Wide format of frequency estimation. Table shows raw counts of reads that support junctions instead of frequency estimation. NOTE: If you have aligner (like BWA-mem) that produses both soft- and hard-clipped reads you should multiply frequency assessments by 2.

  • ann
    locus tag of the affected gene; in the case of intergenic region two locus tags will be shown with us_ or ds_

  • chrom
    name of contig where affected region is located

  • start start coordinate of affected region

  • stop
    end coordinate of affected region

  • mobile element names
    raw reads that support junctions

CIRCOS files

iJump can create config files (data folder) for CIRCOS circular diagrams that represent directions of mobile element jumps.

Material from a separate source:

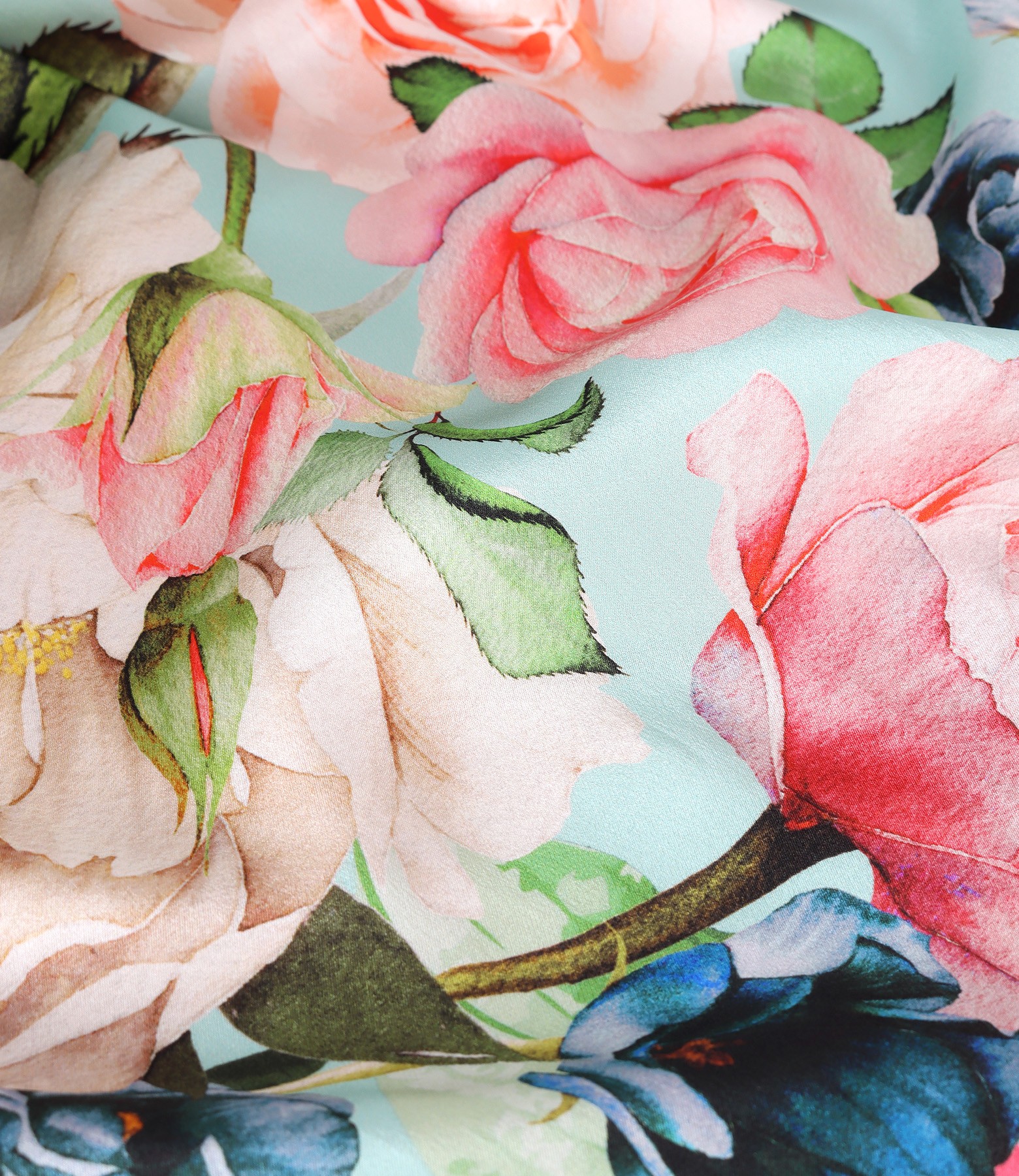 Rochie lejera din matase naturala plina satinata cu motive florale

Currently commented because of long processing (will be improved soon).

To run CIRCOS you will need to type:

circos -config ./data/circos.conf

Simulation test

To assess accuracy of iJump we simulated a defined populatin. Simulated data mimics several jumps of one of the copy of IS5 element (has several copies in the genome) in Escherichia coli BW25113 genome. The scripts and auxillary files can be found in the simulation folder.

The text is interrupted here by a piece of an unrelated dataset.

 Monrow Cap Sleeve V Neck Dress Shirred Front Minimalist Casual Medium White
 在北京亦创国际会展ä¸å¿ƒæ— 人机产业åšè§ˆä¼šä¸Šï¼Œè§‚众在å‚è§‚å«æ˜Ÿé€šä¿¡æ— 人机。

The setup of this computational experiment is following:

Parent Genome IS name IS start IS stop Insert position Tandem Frequency of insertion Coverage Insert repeat
EC_WT EC_1 IS5_10 2059640 2060834 1970720 5bp 100% 190 TAAAA
EC_1 EC_2 IS5_10 2059640 2060834 1172149 5bp 25% 250 GTGCT
EC_1 EC_3 IS5_10 2059640 2060834 3846500 5bp 5% 50 CACCG
EC_1 EC_4 IS5_10 2059640 2060834 240955 5bp 1% 10 GTCGC
EC_1 EC_5 IS5_10 2059640 2060834 3358463 5bp 50% 500 GCAAT

Reads were simulated with ART Illumina

Alignment was made with bwa-mem

BAM file manipulations were performed with samtools

Results are following:

IS Name Annotation Chromosome Start Stop Frequency Depth
IS5_9 BW25113_1117 CP009273.1 1172083 1172777 2.94% 976
IS5_10 BW25113_1117 CP009273.1 1172083 1172777 20.90% 976
IS5_9 BW25113_3216 CP009273.1 3356166 3358544 6.17% 940
IS5_7 BW25113_3216 CP009273.1 3356166 3358544 0.07% 940
IS5_10 BW25113_3216 CP009273.1 3356166 3358544 41.39% 940
IS5_9 BW25113_0223 CP009273.1 240814 241552 0.14% 966
IS5_10 BW25113_0223 CP009273.1 240814 241552 0.48% 966
IS5_1 BW25113_1890 CP009273.1 1970513 1971397 0.07% 900
IS5_8 BW25113_1890 CP009273.1 1970513 1971397 0.07% 900
IS5_5 BW25113_1890 CP009273.1 1970513 1971397 0.07% 900
IS5_4 BW25113_1890 CP009273.1 1970513 1971397 12.29% 900
IS5_10 BW25113_1890 CP009273.1 1970513 1971397 83.29% 900
IS5_10 BW25113_3671 CP009273.1 3844456 3846145 4.35% 966

We see that some reads were aligned to other copies of IS5 element. However majority of reads were aligned correctly. If we summarize all frequences for each affected gene we will get results close to the expected:

Gene Start Stop Observed Expected
BW25113_1890 1970513 1971397 95.79% 100.00%
BW25113_3216 3356166 3358544 47.63% 50.00%
BW25113_1117 1172083 1172777 23.84% 25.00%
BW25113_3671 3844456 3846145 4.35% 5.00%
BW25113_0223 240814 241552 0.62% 1.00%

Simulation shows that iJump tend to slightly decrease frequency. This is happening because instead of work with individual junction sites it summarizes all sites along the genetic element where junctions were found and assess frequency with average depth in the element. However near junctions coverage has slight drop. The reason of this effect is that aligners have a limit on a length of aligned part of a read. iJump estimates this limit and introduces correction cefficients.